Breaking off as the Captain passed on his afternoon prowl, white-top cap (once-white) on the back of his head pushing out his ears like pink ventilators, first mate at his heels with clipboard and pencil (Kristine-cat following along with monumental indifference). “Ya, a little weather, maybe,” when Ray mentioned the lightning—“vetter,” actually, pronunciation sometimes wanting but fluent in the language—moving on to pointing now and then at this and that, first mate jotting.
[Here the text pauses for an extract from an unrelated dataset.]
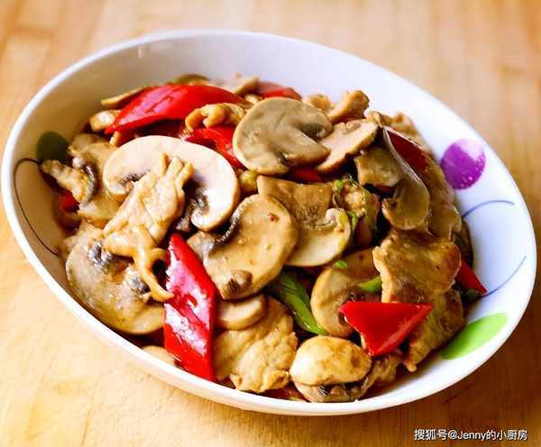 熱鍋涼油倒入肉片滑炒,炒到變色盛出。然後加入蒜末、口蘑翻炒,炒到微微變軟,再倒入紅椒翻炒。
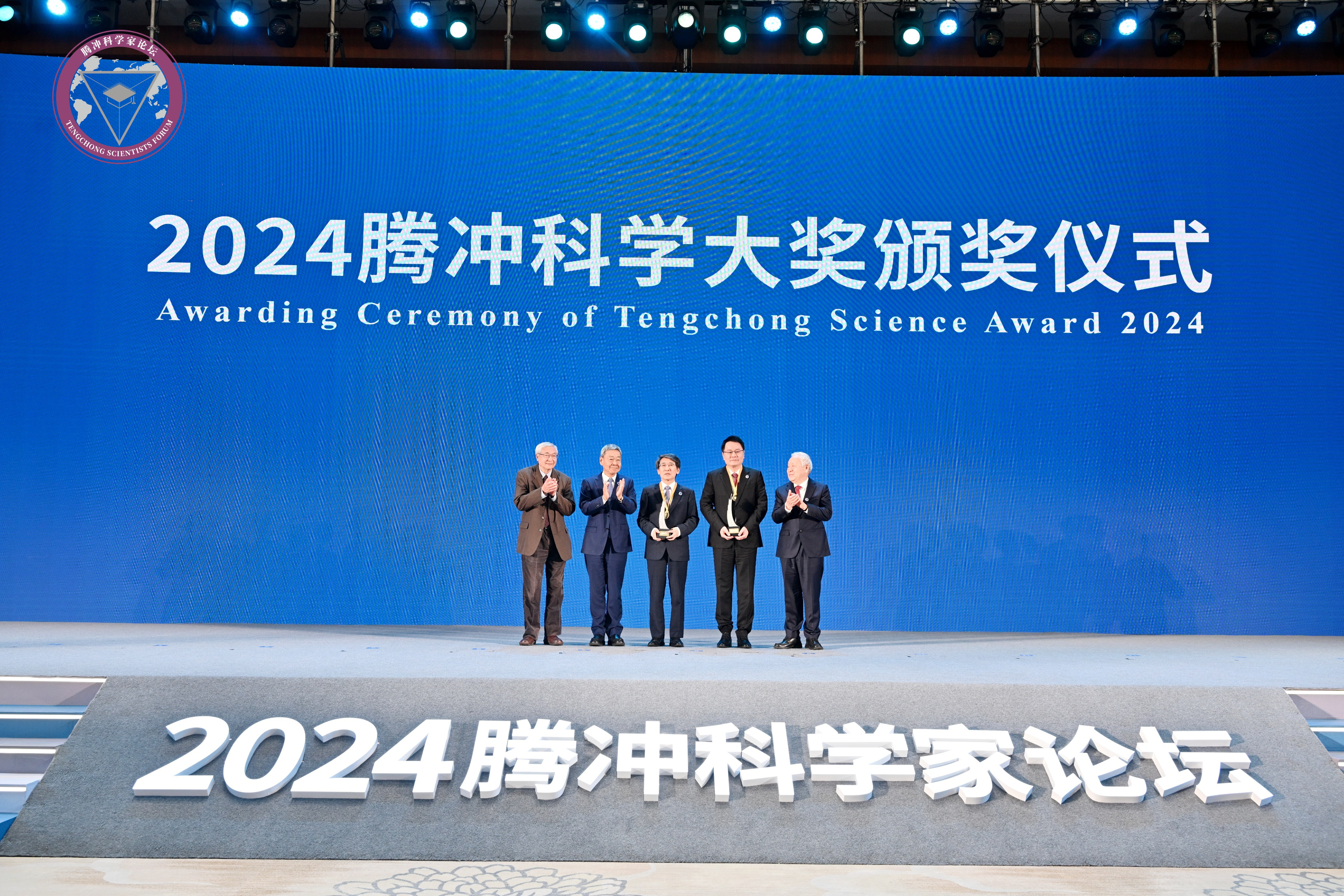 开幕式上,许智宏宣读第二届腾冲科学大奖获奖者名单,谢晓亮与南方科技大学校长、中国科学院院士薛其坤共同荣获2024腾冲科学大奖。腾冲科学家论坛主席、清华大学原校长、中国科学院院士顾秉林,论坛联合主席、南开大学原校长、中国科学院院士饶子和为薛其坤、谢晓亮颁奖。

Not enough to turn the Doctor off his subject but it did, and Ray said, “Tuckwell?” after a minute to pull him back, sensing the possibility of something for his Press after all (the Company on its feet again following a season of all but disastrous success—a wish-fulfillment book called
Life Beyond the Grave
, which hit a sort of metaphysical jack pot and trapped the Press between pay-on-delivery printers of edition after edition and jobbers paying in ninety days, if then; the Press on pins and needles about ordering a new edition, vulnerable to having orders suddenly dry up with the books still at the bindery).

“Sewanee, Washington & Lee, some such place. Masters from Emory—a long story,” dropping it as Preacher Bickle snapped their picture with the new camera he said his church had given him (his “5-church circuit”) and sat down beside them.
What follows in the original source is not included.